# PROVIDED INFORMATION:
>>>>>
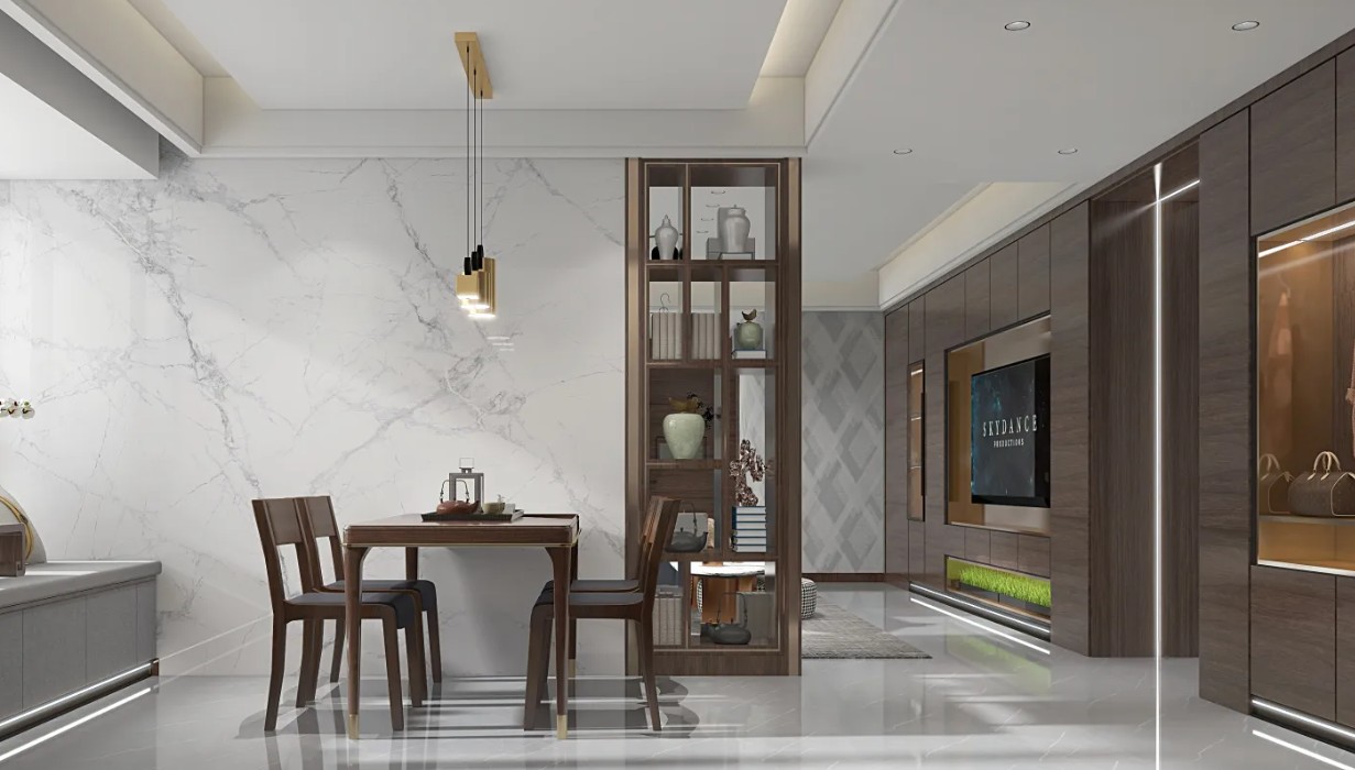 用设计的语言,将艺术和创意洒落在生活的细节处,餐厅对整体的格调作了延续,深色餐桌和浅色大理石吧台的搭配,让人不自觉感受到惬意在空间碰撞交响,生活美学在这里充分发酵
<<<<<
>>>>>
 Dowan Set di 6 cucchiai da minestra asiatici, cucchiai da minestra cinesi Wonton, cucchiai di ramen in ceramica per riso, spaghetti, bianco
<<<<<
>>>>>
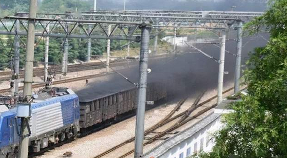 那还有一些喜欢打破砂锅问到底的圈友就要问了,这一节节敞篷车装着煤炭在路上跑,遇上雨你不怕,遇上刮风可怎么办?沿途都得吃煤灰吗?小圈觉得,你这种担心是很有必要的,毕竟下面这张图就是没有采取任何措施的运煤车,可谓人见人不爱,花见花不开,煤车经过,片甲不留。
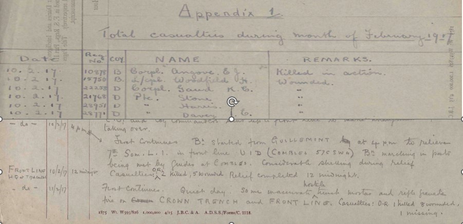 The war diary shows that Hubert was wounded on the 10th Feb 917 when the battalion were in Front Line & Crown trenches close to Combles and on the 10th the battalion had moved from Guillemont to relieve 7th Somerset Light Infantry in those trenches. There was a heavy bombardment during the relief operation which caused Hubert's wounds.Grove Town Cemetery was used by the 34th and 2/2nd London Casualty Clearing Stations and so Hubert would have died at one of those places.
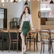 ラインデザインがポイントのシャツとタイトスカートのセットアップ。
<<<<<
# PROBLEM TO SOLVE:
In the listing above, find the line containing "The war diary" and the line containing "ラインデザインがポイントのシャツとタイトスカートのセットアップ。". Print those two lines and every line between them exactly, with no pictures.

# COMPLETED TASK:
 The war diary shows that Hubert was wounded on the 10th Feb 917 when the battalion were in Front Line & Crown trenches close to Combles and on the 10th the battalion had moved from Guillemont to relieve 7th Somerset Light Infantry in those trenches. There was a heavy bombardment during the relief operation which caused Hubert's wounds.Grove Town Cemetery was used by the 34th and 2/2nd London Casualty Clearing Stations and so Hubert would have died at one of those places.
 ラインデザインがポイントのシャツとタイトスカートのセットアップ。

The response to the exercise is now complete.